I paid for Copilot for a couple of months. But then heard about Codium, probably on Syntax, which is free for individual developers (for now - thank you VC funding). I haven’t done any careful comparisons, but its definitely of the same order. I suspect Copilot is doing something better with the local context. For example I use a plain text accounting system called Bean Count in VSCode. Copilot is able to understand these transactions and make much useful suggestions than Codium. I assume this is just inferred from my local files since there would not be much training data for them, and it suggests the correct accounts based on the payees which must be from local context.

I’ve probably done more work with Codium, 80% of it on Javascript, than with Copilot. It’s definitely a workable solution and a great choice if you want a Copilot type experience without paying for it, or have questions about Microsoft’s training data.

More recently I’ve started playing with local models to avoid the problem of exfiltrating my code - I strongly feel I can’t use AI assisted coding with client code if I don’t know what’s happening it. If I can run a local model, that problem is avoided.

I code on an early M1 MacBook, so Ollama is an easy to use choice. I’ve tried llama3 and codeqwen1.5 in the terminal for a bit, but missed the ChatGPT web experience. To get that back, I’ve been running Open WebUI in a docker container.

More recently, I’ve installed the Continue VSCode extension that allows those Ollama managed models to work in VSCode, including the auto-suggestions (following Dave Gray’s blog post). I’ve got a few long flights coming up over the next week, so it will be good to be able to work offline with that help.

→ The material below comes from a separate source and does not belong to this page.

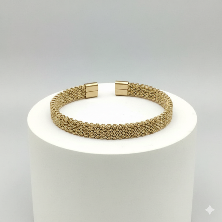 بافت حصیری باعث میشود دستبند روی مچ کاملاً بنشیند و هماهنگ با بدن باشد.

I haven’t really done more than play with CodeQwen in VSCode via Continue so far, but my initial impression is that it’s comparable to Copilot, although the extra second of waiting for auto-suggestions did make me look up M3max MacBook pricing. Logic tells you that a 4GB model on a MacBook is going to be less capable than the giant GPT4 powered Copilot, but this comparison suggests the difference is not an order of magnitude (although the model size is). From limited playing around in small JavaScript codebases, they seem similar, with the local model just being a bit slower.

If this is a revolution, it’s one we’re at the start of, and I certainly reserve the right to change my mind about AI assistance in coding, but I suspect it’s our future and I’m excited at the productivity boost it currently gives me working in languages I’m new to.